Moonbeams and Cheese
John A. Ward

I wanted to write a poem for Anne for Valentine's Day, but not about hearts. Everybody writes about hearts.  I decided to write about pears.  Pears are shaped like mandolins, half mandolins, without the strings and the hole where the sound goes in and resonates.  They're also shaped like schmoos. Not "schmooze" as in wander around at a cocktail party and make small talk. I mean Al Capp's schmoos, little, white, blubbery, smiley things that are always happy, even when people kick them. 

But then, I started thinking about Al Capp's women.  They lived in Dogpatch. From the name, you get an idea of the ambiance of the place.  My first girlfriend, before I really knew what girls were and was still too shy to find out with a real one, was Moonbeam McSwine.  She was a brunette who wore a black minidress, raggedy at the edges.  She had a pet pig and lived in a barnyard. 

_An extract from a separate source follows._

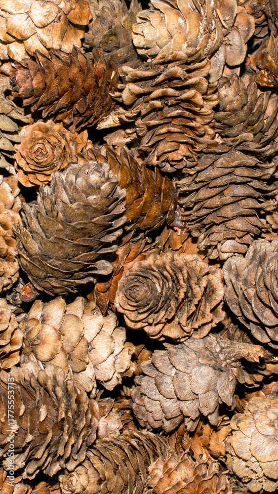 brown larch cones with visible details. background or texture

There were other women, too, most of them real knockouts, like Apassionata Von Climax and Stupefying Jones.  The latter was played by Julie Newmar in the Li'l Abner musical.  It had one run and was never revived. 

I never met a real woman like Moonbeam McSwine, but I did meet Anne.  Anne lived two lives.  She moved back and forth, between the Blue Ridge Mountains and New York City, so she was sort of Moonbeam McSwine and Appasionata Von Climax all rolled into one, but don't tell her I said that.  She was the perfect woman for me, even though she didn't have a pet pig.  People said we were complete opposites and would never stay together.

We talked about it in the car on our way to the writing workshop, which came up before I got one word of the poem down, so maybe I'd get her a CD of romantic music instead.  

"Turn here," she said.  "That's the way we went last time.  It's shorter."

"No," I said.  "I'm going the way I always go.  The way you told me to go."

"I told you to turn back there."

"You told me to go this way the first time the Interstate was closed for construction.  There's no difference.  It's the same distance.  It just doesn't take as long the other way."

"No, it's shorter," she said. "You know, sometimes you're just, just."

"Just what?" she asked. "Just obstinate."

"Well, I wonder who I learned that from."

"From your father," I said.

"No," she said.  "I think I learned it from someone I've been a lot closer to these past few years." So when we got to Barnes and Noble, I bought her a grilled cheese sandwich for Valentine's Day.